Полностью исключить возможность конфликта нельзя. Как уже говорилось выше, Ким Чен Ын, в отличие от своего отца, настроен на создание т.н. «потенциала второго удара», основой которого должны стать МБР, способные поразить территорию континентальных США. Когда в новогодней речи в январе 2017 г. Ким Чен Ын открыто выразил намерение разработать такие ракеты, Трамп отреагировал твитом, сказав, что, дескать, «этого не случится». Но КНДР, скорее всего, завершит разработку ракет еще в период правления Трампа, который, как ясно из изложенного выше, недвусмысленно заявил, что не допустит появления у Пхеньяна такого оружия. Вдобавок сам факт превращения КНДР в страну, способную нанести ядерный удар по Соединенным Штатам, стал бы серьезным вызовом для любой американской администрации. Нельзя совсем исключать и того, что Трамп и его окружение проигнорируют риски большой войны и атакуют военные объекты КНДР. Впрочем, едва ли – готовность людей из окружения Трампа обсуждать возможность силового вмешательства резко снизилась в последние два-три месяца, главная надежда возлагается на попытки уговорить Китай занять более жесткую позицию (с сомнительными шансами).
Таким образом, ни один из возможных сценариев решения северокорейской проблемы – переговоры, санкции, военное решение – не может считаться приемлемым и удовлетворительным. Значит, США и весь мир с большой долей вероятности вынуждены будут долгое время сосуществовать с ядерной Северной Кореей. Решить проблему может только смена режима в Пхеньяне, но вероятность такого поворота событий не представляется особо высокой.
Вместо заключения: контуры неудобного компромисса
Злорадствовать по поводу беспомощности Вашингтона не следует: успех северокорейской ядерной программы не радует никого. Превращение КНДР в ядерную державу действительно создает опасный прецедент и в перспективе подрывает режим ядерного нераспространения. В долгосрочной перспективе стабильность режима семьи Ким вызывает сомнения. Получается, ядерным оружием обзавелась страна, способная впасть в хаотическое состояние, при котором контроль над ядерным оружием и средствами его доставки будет нарушен. Наконец, учитывая достаточно низкий уровень северокорейских средств разведки и связи, равно как и (предположительно) исключительную концентрацию власти в руках высшего руководителя, нельзя исключить и возможность применения ядерного оружия в результате неправильной оценки ситуации, паники или технической ошибки.
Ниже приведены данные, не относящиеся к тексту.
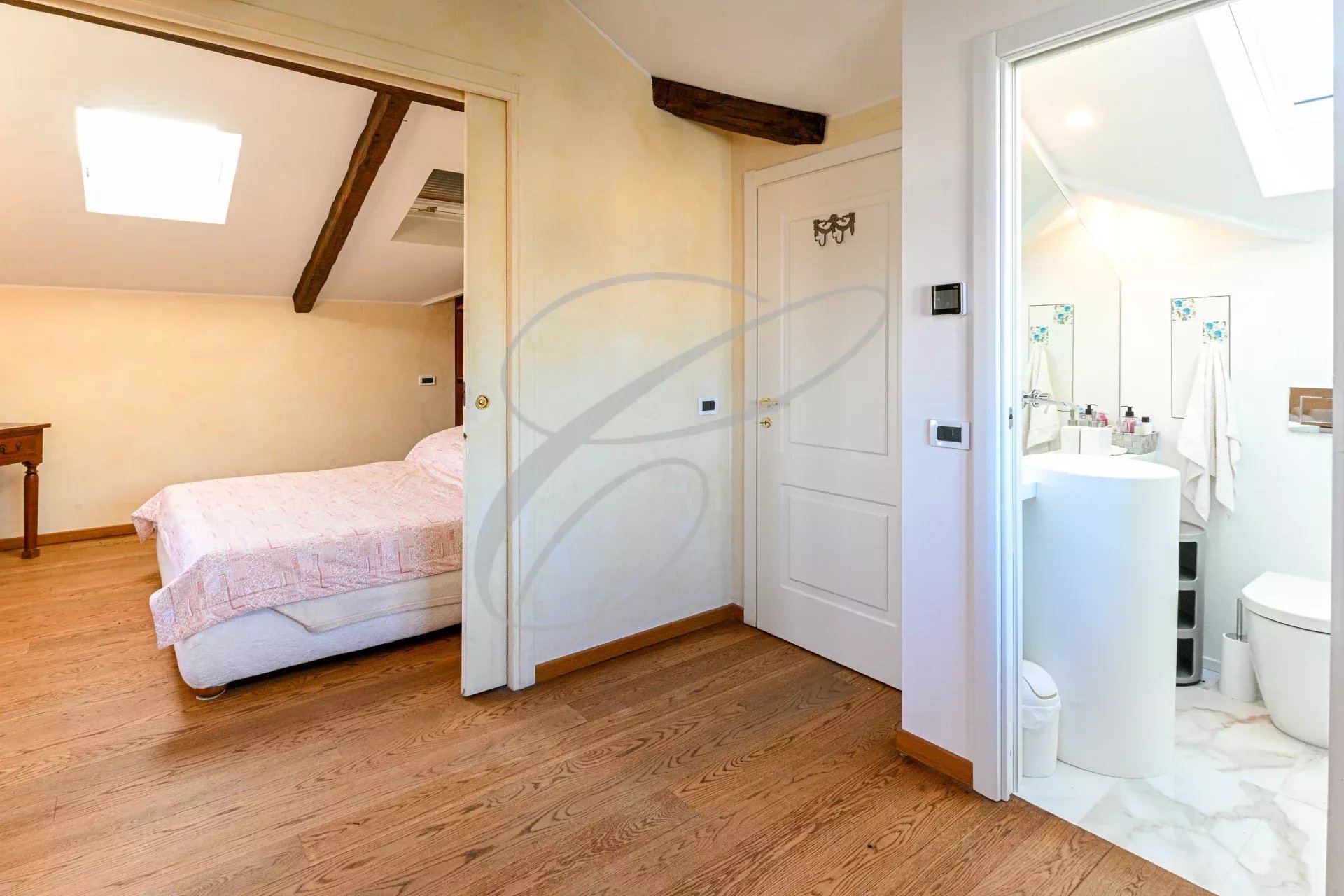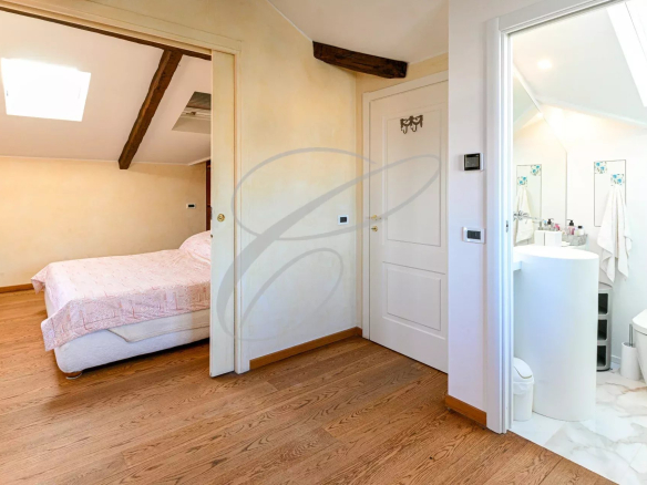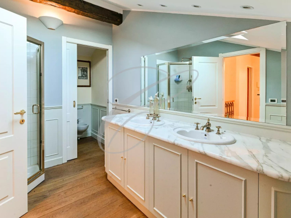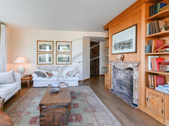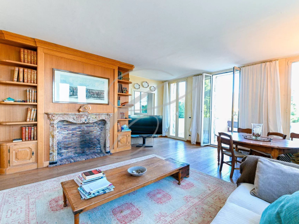 The apartment comprises an entrance hall, a lovely living room with a fireplace opening onto the sea-view terrace, a fully equipped kitchen, two bedrooms with en-suite bathrooms, a dressing room, and a laundry room.
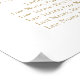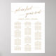 This elegant gold calligraphy 90+ guest seating chart poster is perfect for an elegant wedding. The design features romantic and whimsical faux gold foil typography. This sign can be used to organise your guests alphabetically or by table number. This wedding poster includes enough room for up to about 90 guests. Make room for more (or less) guests by clicking the "customise" button and decrease or increase the size of the font. In addition to the placement of each guest, personalise this sign with the names of the bride and groom and the wedding date.
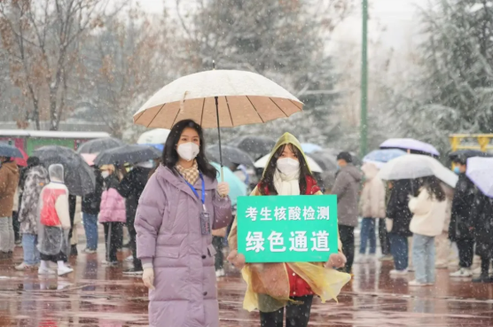 脱下的是军装,不变的是军魂。在全员核酸检测之初,王梓馨同学就与william退伍大学生一起,立下了请战书,投入到了核酸检测的一线工作之中,为同学们指引排队位置,协助医护人员进行“一码通”查验。每一次的全员核酸检测都有着他们的辛勤付出,在天刚蒙蒙亮的清晨,他们就必须动身前往操场,为马上要进行的核酸检测进行准备工作:搭桌子、摆设备、调试工具……在温度为零度以下的操场上,王梓馨和其他战友不畏严寒,身着防护服与医护人员一起,化身守护我们的“大白”。特别是在2022年全国硕士研究生招生考试中,王梓馨同学也是毅然加入到志愿服务第一线,冒着大雪引导考研同学和考务人员进行核酸检测,为考研学子保驾护航。

В долгосрочной перспективе частичным решением может стать компромисс, который условно можно назвать «замораживанием северокорейской ядерной программы». Соединенные Штаты и другие заинтересованные страны согласились бы предоставить КНДР щедрые политические и экономические уступки в обмен на введение моратория на испытания ядерного оружия и средств его доставки. Разумеется, учитывая опыт последнего десятилетия, выплаты должны проводиться не одноразово, а ежемесячно, ежеквартально или ежегодно и прекратятся, если Северная Корея сочтет себя свободной от обязательств, взятых по такому соглашению.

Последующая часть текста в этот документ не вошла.